Qui a peur des SIG ?

Confier à une entreprise publique un monopole sur les réseaux thermiques structurants

Le 13 février, à Genève, on vote sur une proposition de loi constitutionnelle défendue par le Conseil d'Etat et le Grand Conseil, confiant au canton, via les Services Industriels, le monopole des grands réseaux de chaleur et de froid ("réseaux thermiques structurants"). Un projet typiquement social-démocrate, en somme. Qui, logiquement, suscite l'opposition des syndicats patronaux et du PLR, alors  même que le monopole proposé ne concerne que les réseaux structurants, pas la production de chaleur ou de froid (une entreprise pourra vendre ses rejets thermiques), ni les réseaux secondaires, que des entreprises privées pourront réaliser.

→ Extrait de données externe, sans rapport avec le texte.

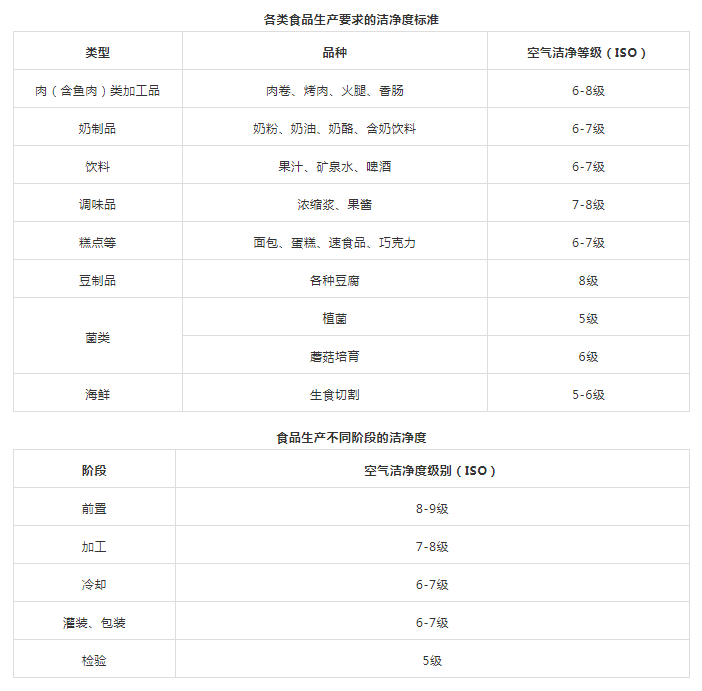 3、清潔作業區(潔凈室):指衛生環境要求最高,人員、環境要求較高,必須經過消毒和更衣才可以進入,如:原料、成品裸露的處理區域,食食品的冷加工間、即食食品的冷卻間、待包裝即食食品的儲存間、即食食品的內包裝間等。食品廠不同生產區域和空氣潔凈度等級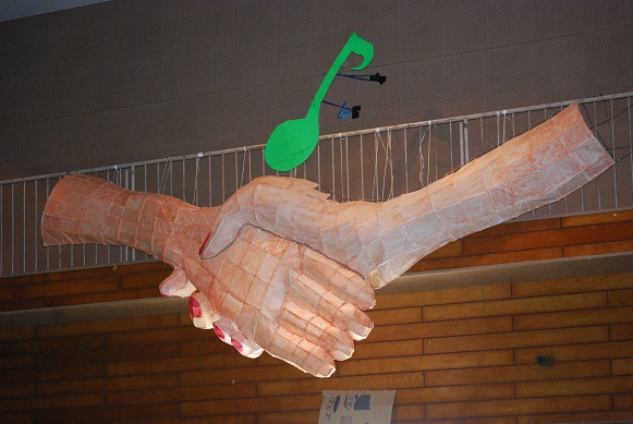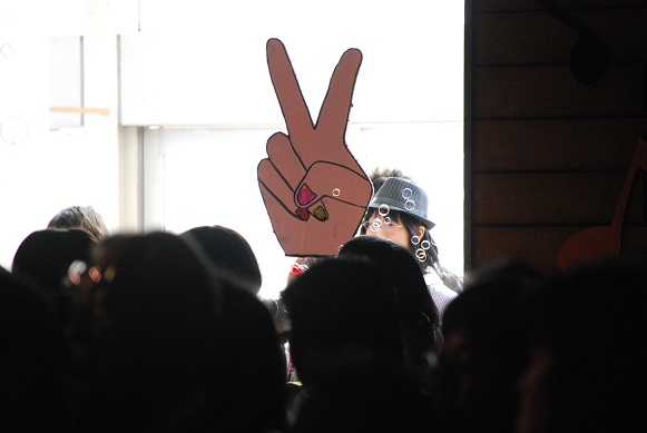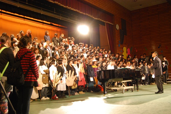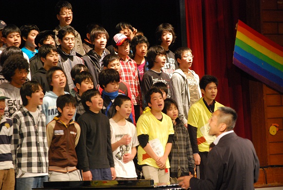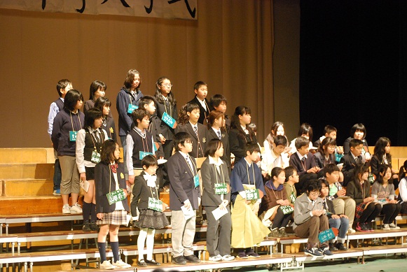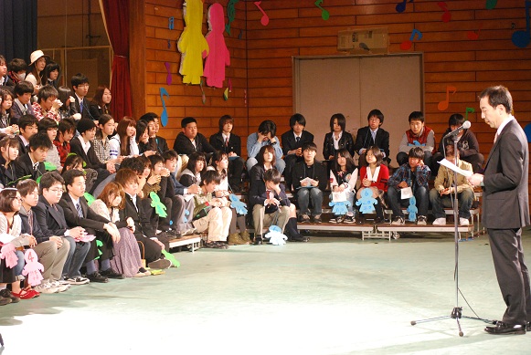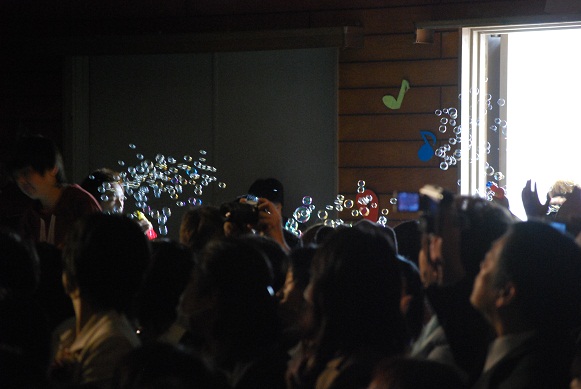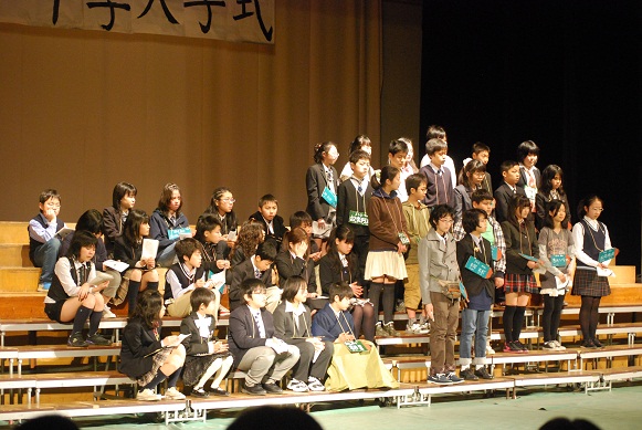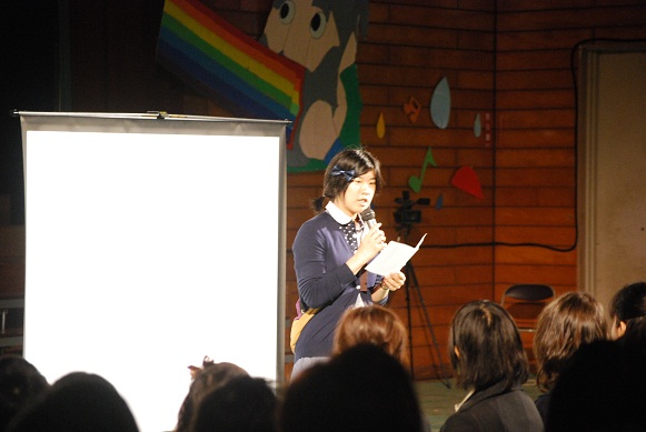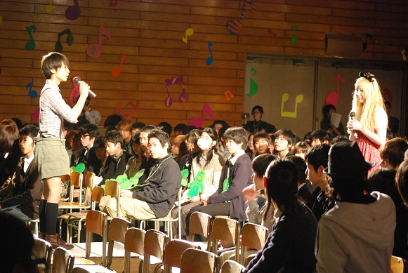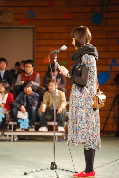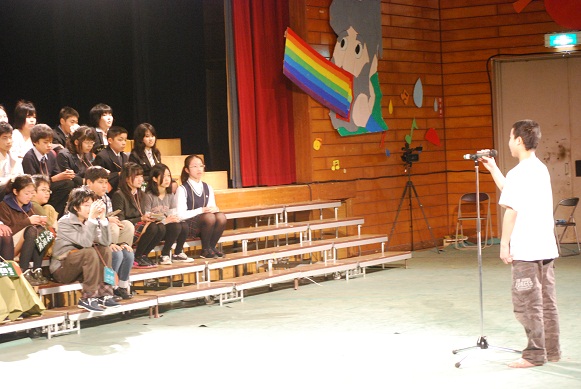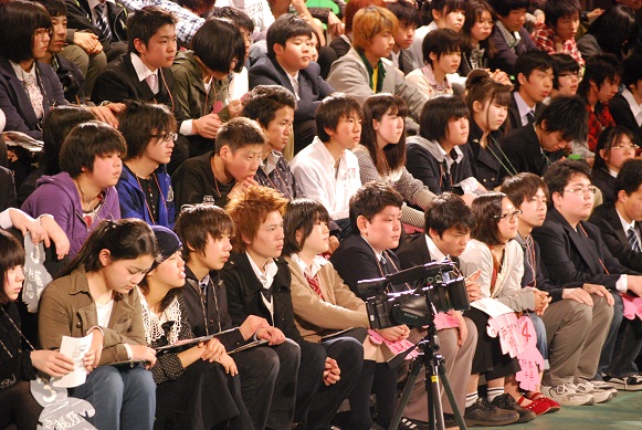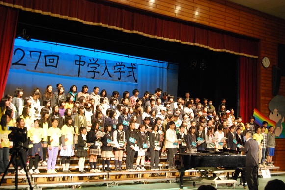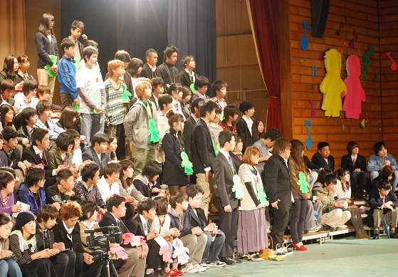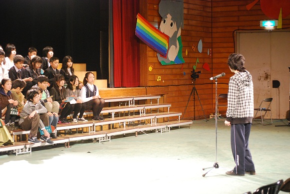 ※ここで一拍おいて、ブックトラックに用意していた、ギネスブック・震災&原発関連図書・コミック雑誌「花ゆめ・絵本「ミッケ(がっこう)」・「もしドラ」・バースディブック等を紹介する。そしてスペシャル資料として、(1)担任が卒業生なので該当する「卒業アルバム」と、(2)中1当事者の「4/8中学入学式DVD」を取り出す。(笑)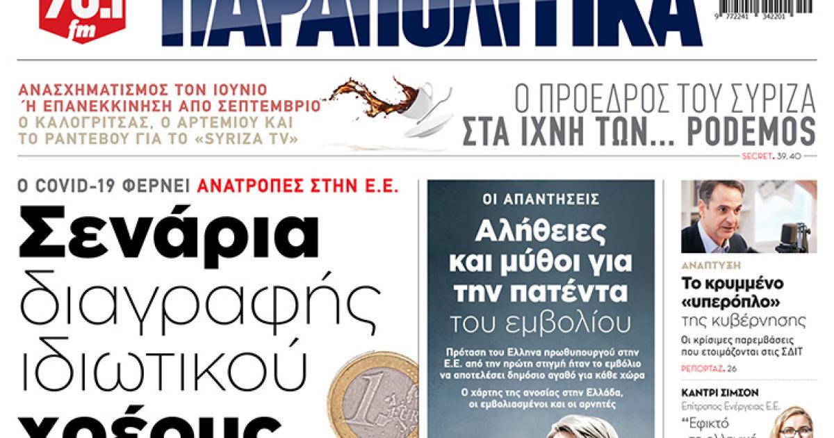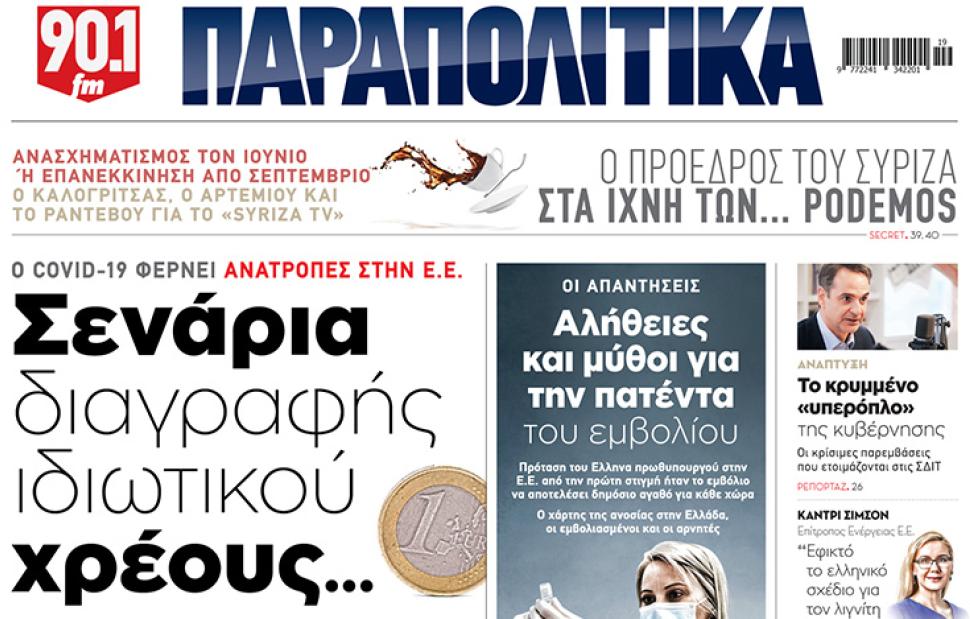 Αύριο Σάββατο 8 Μαΐου, η εφημερίδα ΠΑΡΑΠΟΛΙΤΙΚΑ κυκλοφορεί σε όλα τα περίπτερα της χώρας με πλούσια θεματολογία και πολλές αποκλειστικότητες. Αποκαλυπτικά θέματα, ρεπορτάζ και μεγάλες προσφορές για όλους τους αναγνώστες.

Un moyen de répondre à l'urgence climatique et environnementale

Le canton de Genève exploite ou construit de grands réseaux thermiques (chaleur ou fraîcheur), comme celui qui exploite la chaleur produite par l'usine d'incinération des Cheneviers ou celui qui fournit chaleur et fraîcheur à partir de l'eau du lac (Genilac), comme aussi celui, projeté, de géothermie exploitant la chaleur du sous-sol. D'ici 2030, le nombre de kilomètres de ces réseaux devrait doubler, et ils devraient assurer 25 % de l'approvisionnement énergétique, soit plus du double qu'actuellement (11 %). Les réseaux à développer pour atteindre cet objectif (pour 1 milliard et demi d'investissements) ont en commun de substituer des énergies renouvelables aux énergies fossiles, et d'être exploités par les Services Industriels (SIG), sans que ceux-ci disposent d'un monopole légal. Le canton veut donc en instituer un, et les SIG pourraient ainsi proposer des tarifs coordonnés pour tout le canton (ces tarifs devront être approuvés par le Conseil d'Etat).

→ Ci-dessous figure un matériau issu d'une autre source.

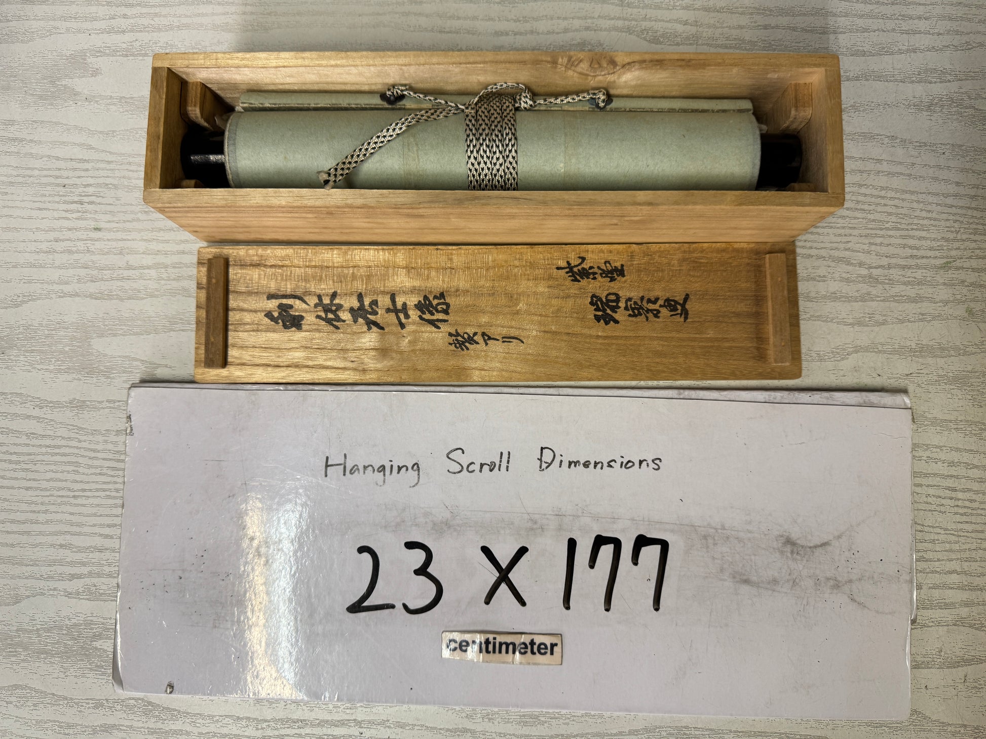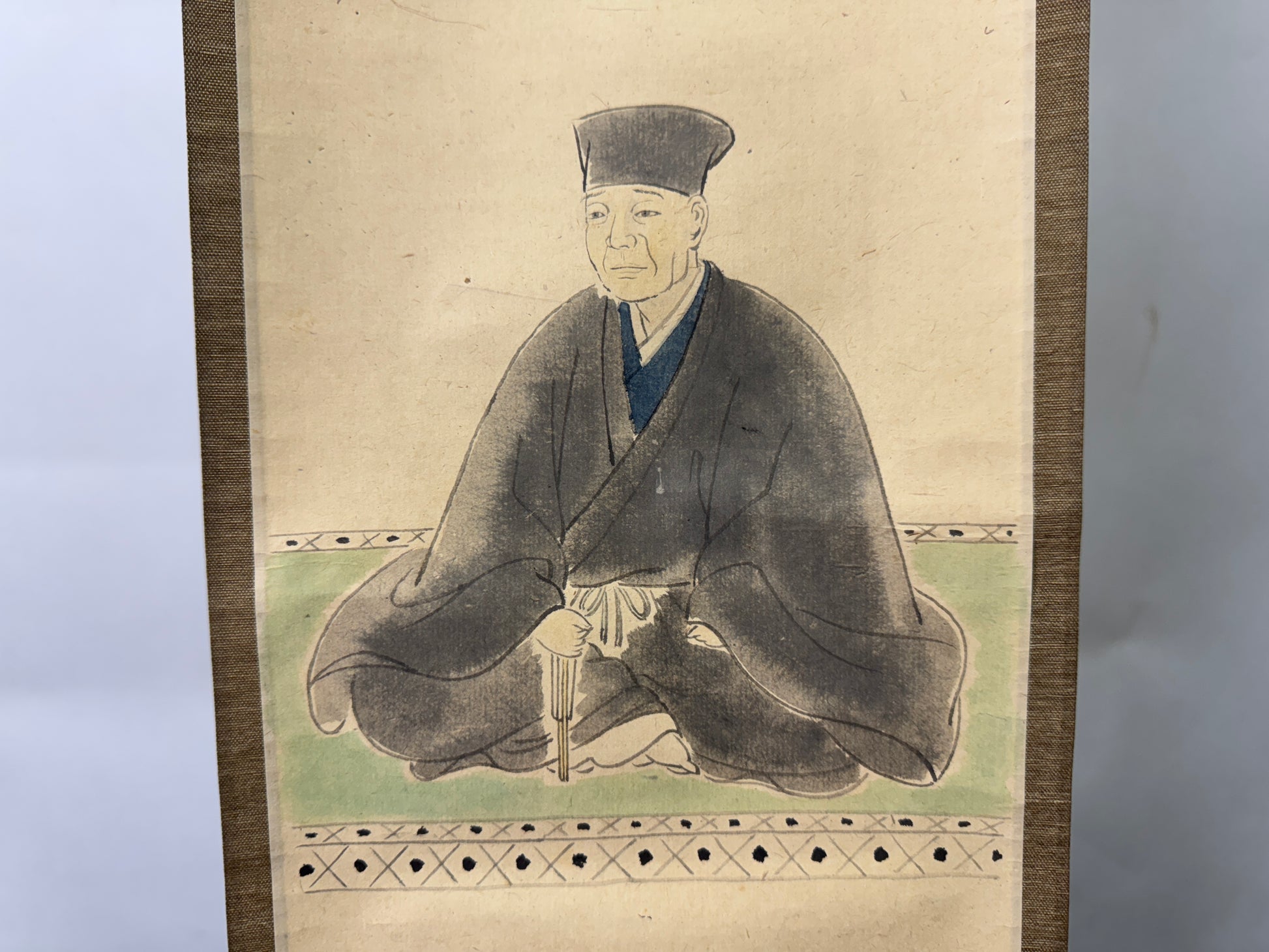 Y9588 KAKEJIKU Sen no Rikyu portrait signed box Japan antique hanging scroll art

Le patronat et le PLR sont opposés à ce monopole partiel accordé aux SIG. Parce que les SIG sont une entreprise publique ? Confier à une entreprise publique la gestion de grands réseaux de distribution d'énergie ou de transports n'est ni chose nouvelle, ni projet révolutionnaire : c'est en 1897 que la Confédération a décidé de racheter les principales compagnies de chemin de fer privées pour constituer un réseau national cohérent. Le début du "socialisme", clamaient les opposants. Qui seront lourdement défaits en votation populaire : par 67,9 % des suffrages, le peuple masculin accepte la création de ce qui deviendra les CFF... A Genève aussi on a fait en 1948 d'une compagnie privée de transports publics, la Compagnie genevoise des tramways électriques (CGTE) fondée en 1899, une entreprise publique par le rachat de la majorité de ses actions par le canton. En 1977 elle deviendra les Transports Publics Genevois, TPG).

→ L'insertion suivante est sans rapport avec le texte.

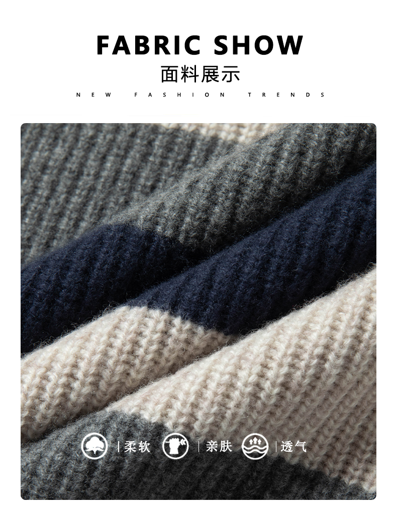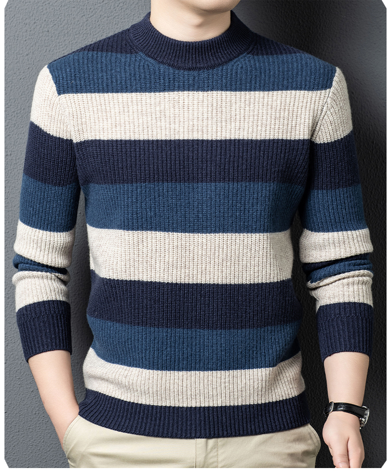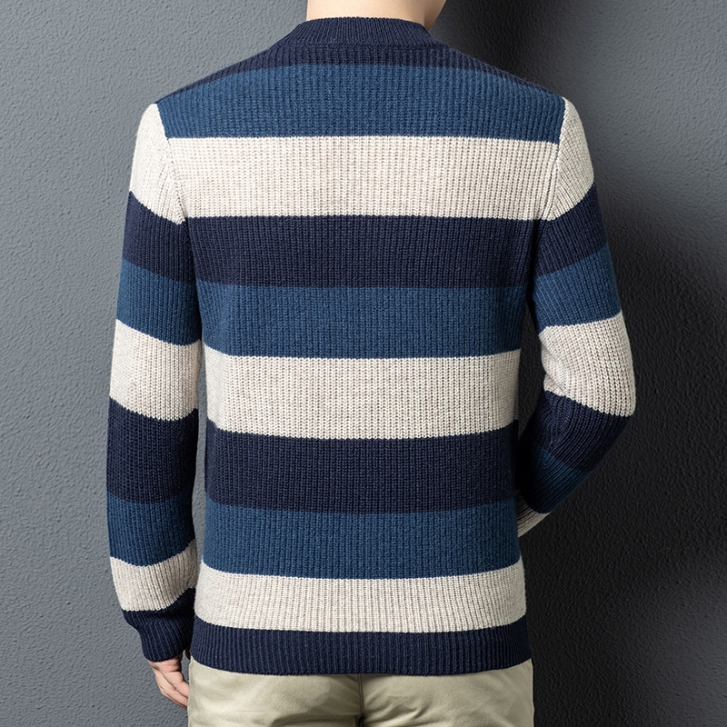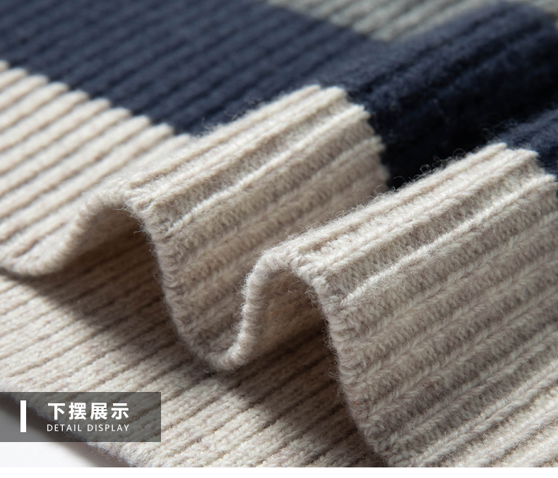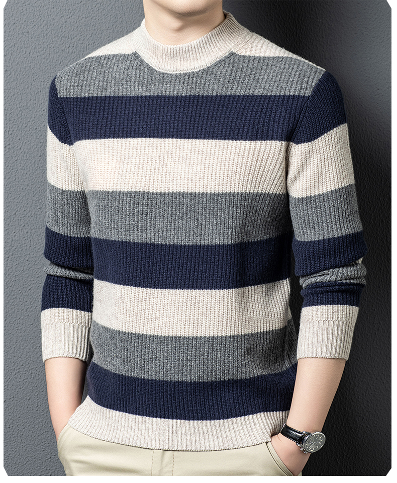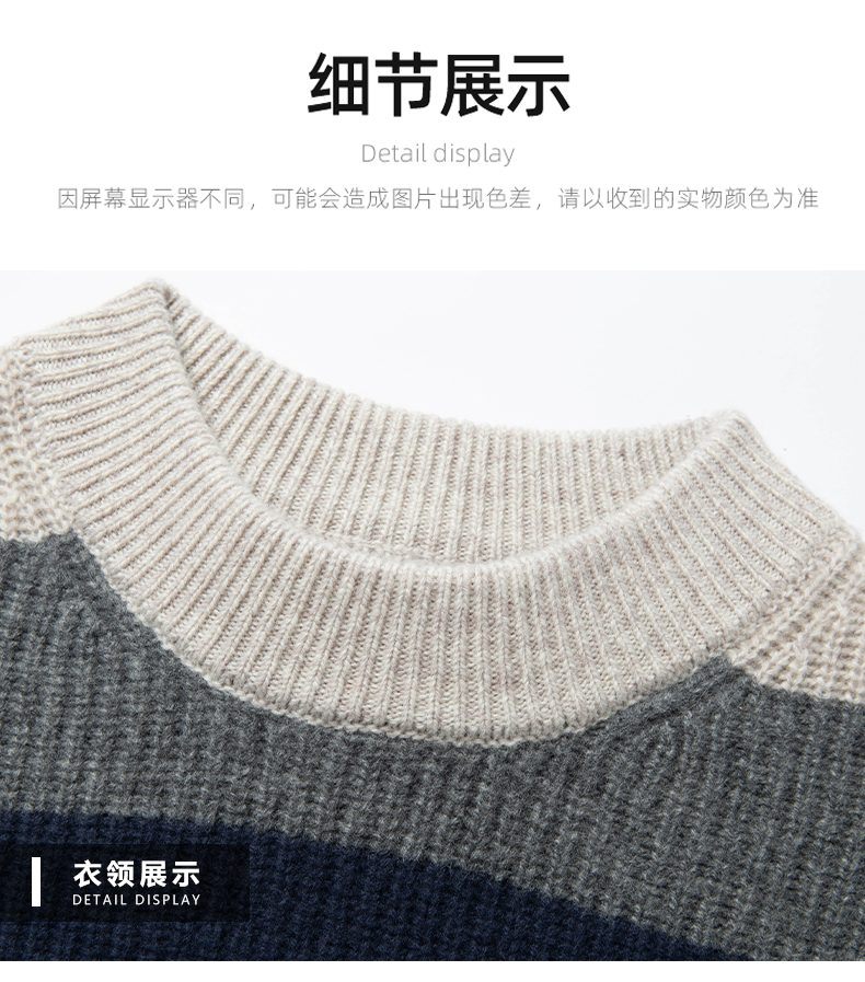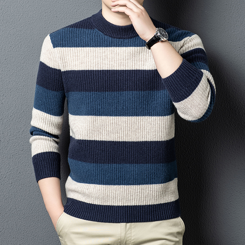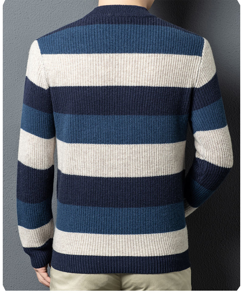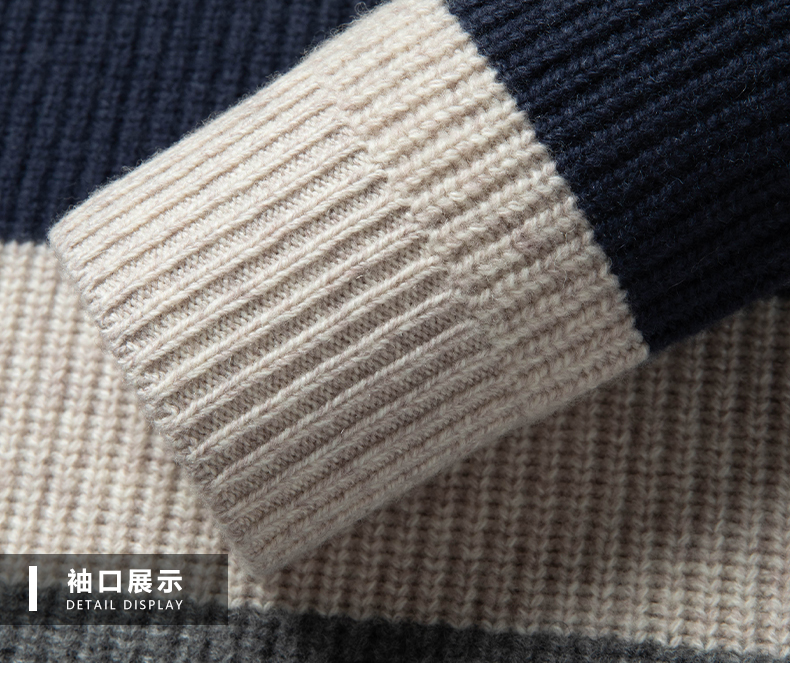 100%纯羊毛男士中青年拼色条纹休闲百搭圆领针织

Et puis, ce monopole des SIG par la capacité qu'il donne à la collectivité de déterminer l'infrastructure énergétique avec d'autres critères que ceux du profit est aussi un moyen de répondre, très concrètement, sur (et sous) le terrain et pas seulement par des discours, à l'urgence climatique et environnementale. L'investissement public pour la construction du réseau structurant est considérable : quatre milliards, à la charge des SIG, pour contribuer à atteindre une part d'énergie renouvelable de 80 % de l'énergie distribuée dans le canton. Le monopole que la loi proposée au peuple accorde aux SIG sur ce réseau structurant n'est pas une manie idéologique de collectivistes forcenés, c'est un instrument nécessaire pour atteindre cet objectif. L'expression, aussi, d'une volonté politique de l'atteindre, et de s'en donner les moyens. Ce sont ces moyens que l'on refuserait en refusant le monopole partiel que la loi proposée au peuple veut accorder aux SIG.